The discriminator function, given by Equation 2, evaluates whether a given state-action pair $(s,a)$ comes from expert demonstrations or the learned policy:

$$L_D=-{\mathbb{E}}_{{\tau }_e\sim {\mathcal{D}}_e}[log\left(D(s,a)\right)]-{\mathbb{E}}_{\tau \sim \pi }[log(1-D(s,a))]$$

(2)

The algorithm optimises this loss function to achieve both the highest probabilities of correctly classifying expert trajectories and the lowest probabilities of generated trajectories being mistaken for expert trajectories.

The generator function, described in Equation 3, trains the policy $\pi$ to minimize the expected loss from the discriminator:

$${\pi }^{*}=arg\underset{\pi }{min}\underset{D}{max}{\mathbb{E}}_{\tau \sim \pi }[log(1-D(s,a))]+{\mathbb{E}}_{{\tau }_e\sim {\mathcal{D}}_e}[log\left(D(s,a)\right)]$$

(3)

This adversarial objective ensures that the learned policy generates trajectories that are indistinguishable from expert demonstrations, effectively mimicking expert behaviour.

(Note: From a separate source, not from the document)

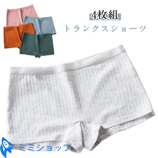 下着 レディース 女性用 ショーツ ボックスショーツ 【4枚組】トランクス ボクサーパンツ 肌着 【4枚組】トランクス 抗菌 コットン リブ 無地 通気性 インナーパンツ すっぽり 深ばき ストレッチ 綿 タップパンツ 女子 中学生 ジュニア

The behaviour learning capabilities of GAIL operate without requiring explicit reward definitions, making it suitable for complex environments. This method demonstrates the capability to generalise learning to different situations across various scenarios and effectively manage multiple conditions. However, the learning process involving the generator and discriminator can be computationally expensive, demanding precise adjustment of training stability parameters.

3.2.3. Proximal Policy Optimization (PPO)

Policy updates within reinforcement learning achieve stability and efficiency through the implementation of the PPO approach. The control system employs PPO to enhance the adaptability of pedestrians under specific circumstances, including road crossings.

Working Mechanism:

PPO redefines the policy updates by using a clipped surrogate objective, as expressed in Equation 4. This mechanism limits excessively large updates to the policy, ensuring stable and controlled improvements during training. The agent updates its decision-making process based on experiences gained from interacting with the environment and the cumulative rewards achieved.

Equations:

$$L^{CLIP}\left(\theta \right)={\mathbb{E}}_t\left[min\left(r_t\left(\theta \right){\widehat{A}}_t,\mathrm{clip}(r_t\left(\theta \right),1-ϵ,1+ϵ){\widehat{A}}_t\right)\right]$$

(4)

$$r_t\left(\theta \right)={\displaystyle \frac{{\pi }_{\theta }\left(a_t\right|s_t)}{{\pi }_{{\theta }_{\mathrm{old}}}\left(a_t\right|s_t)}}$$

(5)

Analysis:

The method successfully sustains both exploration and exploitation phases together, with reliable policy modification procedures. As shown in equation 5 the probability ratio $r_t\left(\theta \right)$ plays a crucial role in determining how much the new policy deviates from the old one, ensuring controlled updates to prevent instability. However, the method involves computationally intensive calculations for large-scale scenarios and is sensitive to parameter adjustments.

3.2.4. Hybrid Learning Model for Pedestrian Navigation

Reinforcement learning was integrated with imitation learning to effectively manage scenarios ranging from structured environments to unstructured and unpredictable conditions. The system executed model-switching logic which used agent proximity to crossroads for alternating between different approaches. The overall vehicle movement function relied on imitation learning, but reinforcement learning became essential for managing dangerous situations such as street crossings. The combined use of these systems maintained efficient control in planned situations as well as unclear situations.

Key Features:

• Adaptive Learning: When performing usual navigation tasks,the agent employed imitation learning but switched to reinforcement learning to handle dynamic traffic conditions.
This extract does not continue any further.